Senado aprova projeto que define relação sexual com menor de 14 anos como crime de estupro
O Senado Federal aprovou nesta quarta-feira, 25 de junho, um projeto de lei que deixa absolutamente claro no Código Penal brasileiro que qualquer relação sexual com menores de 14 anos será sempre considerada crime de estupro. A decisão histórica ocorre independentemente de consentimento, experiência sexual anterior ou gravidez da vítima, reforçando a proteção legal de crianças e adolescentes.
Projeto segue para sanção presidencial após aprovação unânime
O texto, de autoria da deputada federal Laura Carneiro do PSD-RJ, já havia sido aprovado pela Câmara dos Deputados em dezembro de 2024 e aguardava análise dos senadores. Com a aprovação final no Senado, o projeto agora segue para sanção do presidente Luiz Inácio Lula da Silva, que deverá transformá-lo em lei nacional.

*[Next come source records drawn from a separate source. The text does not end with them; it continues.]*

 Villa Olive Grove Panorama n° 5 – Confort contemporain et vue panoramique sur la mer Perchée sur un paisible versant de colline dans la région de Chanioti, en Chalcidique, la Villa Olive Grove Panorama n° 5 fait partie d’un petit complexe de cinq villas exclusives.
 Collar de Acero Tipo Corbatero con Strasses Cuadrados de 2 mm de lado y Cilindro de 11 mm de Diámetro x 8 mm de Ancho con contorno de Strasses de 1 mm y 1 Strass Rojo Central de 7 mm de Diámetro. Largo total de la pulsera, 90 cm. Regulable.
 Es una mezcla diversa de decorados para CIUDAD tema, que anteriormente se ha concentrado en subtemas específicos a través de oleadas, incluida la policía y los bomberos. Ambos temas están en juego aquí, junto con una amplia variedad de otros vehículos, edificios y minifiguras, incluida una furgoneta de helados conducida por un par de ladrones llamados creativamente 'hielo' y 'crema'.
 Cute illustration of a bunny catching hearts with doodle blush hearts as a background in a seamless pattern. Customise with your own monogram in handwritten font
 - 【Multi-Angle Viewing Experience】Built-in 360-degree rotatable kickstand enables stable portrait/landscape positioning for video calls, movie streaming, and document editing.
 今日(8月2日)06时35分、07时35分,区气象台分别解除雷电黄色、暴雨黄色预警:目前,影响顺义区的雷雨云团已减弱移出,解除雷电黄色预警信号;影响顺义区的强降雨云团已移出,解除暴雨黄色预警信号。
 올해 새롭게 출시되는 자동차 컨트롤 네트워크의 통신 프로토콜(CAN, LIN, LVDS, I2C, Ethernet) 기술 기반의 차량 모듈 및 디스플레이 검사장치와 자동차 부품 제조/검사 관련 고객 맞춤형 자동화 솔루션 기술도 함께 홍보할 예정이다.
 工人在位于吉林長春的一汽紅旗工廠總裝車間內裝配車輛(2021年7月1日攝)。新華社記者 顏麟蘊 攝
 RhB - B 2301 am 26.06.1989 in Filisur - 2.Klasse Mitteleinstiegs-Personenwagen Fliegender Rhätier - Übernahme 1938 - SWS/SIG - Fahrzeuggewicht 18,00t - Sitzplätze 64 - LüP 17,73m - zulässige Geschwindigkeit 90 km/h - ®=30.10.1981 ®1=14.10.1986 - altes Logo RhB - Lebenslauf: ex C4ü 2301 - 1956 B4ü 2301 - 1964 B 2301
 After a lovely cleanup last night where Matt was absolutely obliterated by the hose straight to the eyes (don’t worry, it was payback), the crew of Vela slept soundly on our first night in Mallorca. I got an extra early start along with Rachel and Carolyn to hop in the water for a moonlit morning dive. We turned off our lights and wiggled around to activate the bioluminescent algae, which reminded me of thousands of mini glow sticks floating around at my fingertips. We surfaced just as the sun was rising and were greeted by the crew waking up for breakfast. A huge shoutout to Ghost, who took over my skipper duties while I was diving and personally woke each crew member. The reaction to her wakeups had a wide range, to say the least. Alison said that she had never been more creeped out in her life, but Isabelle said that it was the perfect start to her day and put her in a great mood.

Contexto de aprovação coincide com caso emblemático em Minas Gerais
A aprovação do projeto ocorreu no mesmo dia em que o desembargador Magid Nauef Láuar, da 9ª Câmara Criminal do Tribunal de Justiça de Minas Gerais, reverteu sua decisão anterior e condenou um homem de 35 anos acusado de estupro de vulnerável contra uma menina de 12 anos em Indianópolis. O magistrado, que inicialmente havia votado pela absolvição do réu ao considerar existir "vínculo afetivo consensual", decidiu manter a sentença condenatória de primeira instância e determinar a expedição imediata de mandado de prisão.
Após ampla repercussão nacional do caso e recurso apresentado pelo Ministério Público de Minas Gerais, o TJMG determinou a prisão do suspeito e da mãe da menina, que tinha conhecimento sobre o crime. Ambos foram presos na tarde desta quarta-feira, demonstrando a urgência da medida legislativa.
Legislação atual e necessidade de esclarecimento explícito
Atualmente, a legislação brasileira já estabelece que crianças e adolescentes com menos de 14 anos são considerados incapazes de consentir atos sexuais, sendo qualquer prática sexual envolvendo menores nessa faixa etária enquadrada como estupro. O Superior Tribunal de Justiça consolidou essa norma, considerando irrelevante o consentimento da vítima ou a existência de relacionamento entre as partes.
No entanto, diversos tribunais pelo país têm proferido decisões com entendimentos divergentes, criando inconsistências na aplicação da lei. O projeto aprovado busca eliminar essas ambiguidades ao incluir explicitamente na legislação que o crime de estupro será considerado "independentemente do consentimento da vítima, de sua experiência sexual, do fato de ela ter mantido relações sexuais anteriormente ao crime ou da ocorrência de gravidez".
Proteção reforçada e intenção do legislador
Segundo o relatório da senadora Eliziane Gama do PSD-MA, "a alteração que estabelece a presunção absoluta de vulnerabilidade da vítima reforça a intenção do legislador de não permitir discussões que possam desvirtuar a finalidade da norma, focando na proteção do incapaz de consentir". A parlamentar destacou que infelizmente ainda ocorrem com frequência julgamentos que divergem dessa proteção em alguns Tribunais de Justiça do país.
A medida representa um avanço significativo na proteção de crianças e adolescentes, estabelecendo parâmetros claros e inquestionáveis para o judiciário brasileiro. Com a sanção presidencial, espera-se que as inconsistências nas decisões judiciais sobre o tema sejam eliminadas, garantindo maior segurança jurídica e proteção efetiva aos menores de idade.